The old one can be challenging to explain... The confusion seems to
begin around 'type' => ...
> > 2) Improved memory usage.
> >
> > People might not care about memory and performance on the surface, but
> > ISPs care about server resource usage, site maintainers worry about
> > the
> > number of visitors their site can support and their hardware needs in
> > relation to supporting their community, and site visitor care about
> > how
> > quickly the page loads.
>
> Why would splitting the router and the menu reduce memory usage?
> Have you tested this? I'd think you end up with more arrays and some
> duplication.
The only necessary duplication would be path/array keys. We would have a
smaller memory footprint at ?router_execute? if we're only carrying
callback information and none of the user created menu items.
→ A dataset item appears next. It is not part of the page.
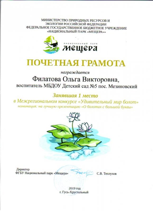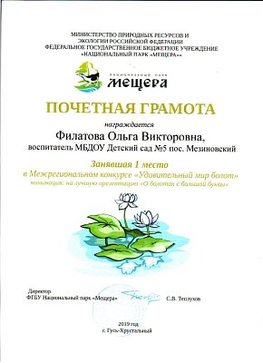 Участие педагогов в межрегиональном конкурсе "Удивительный мир болот", организованным Нп Мещера. Номинация на лучшую презентацию "О болотах с большой буквы", 2019 год,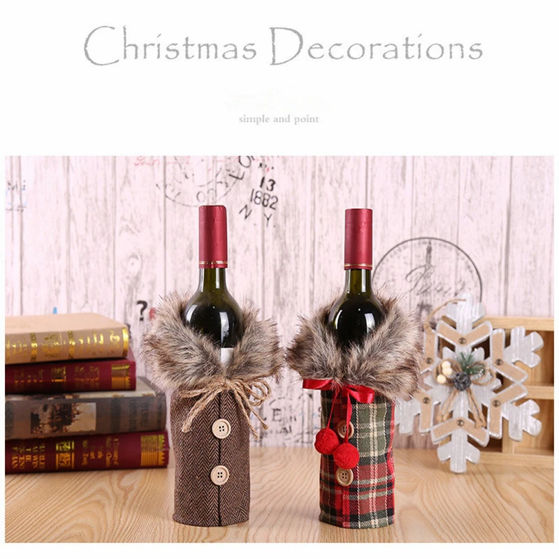 Рождественские украшения для дома, красная клетчатая ткань, серый льняной винный набор, крышка для бутылки вина, новый год 2022, рождественские подарки Navidad

After that
if we only load the visible menu items we have less things in memory.
However we can't say for sure unless there is something to test.
> > 3) Lighter Bootstrap.
> >
> > For cases like private files and xml-rpc interactions where the
> > visible
> > menu is not needed, there is less data to crunch before we get to the
> > workhorse callback.
>
> The XML-RPC backend doesn't actually use the menu system so your
> example is moot. It has his own dispatch mechanism. Even if it
> would use the menu system, 99% of the time people are serving pages
> with menus. We should optimize for the common case.
So maybe XML-RPC was a bad example, private files still are. Maybe files
just need there own .php which would also make my point moot.
There maybe some other MENU_CALLBACK(~80)'s that don't need a menu, also
anytime we find ourself at a drupal_goto(~50) we can probably live
without having a menu. So the menu thing is only built on demand we have
a few spots we can avoid building it.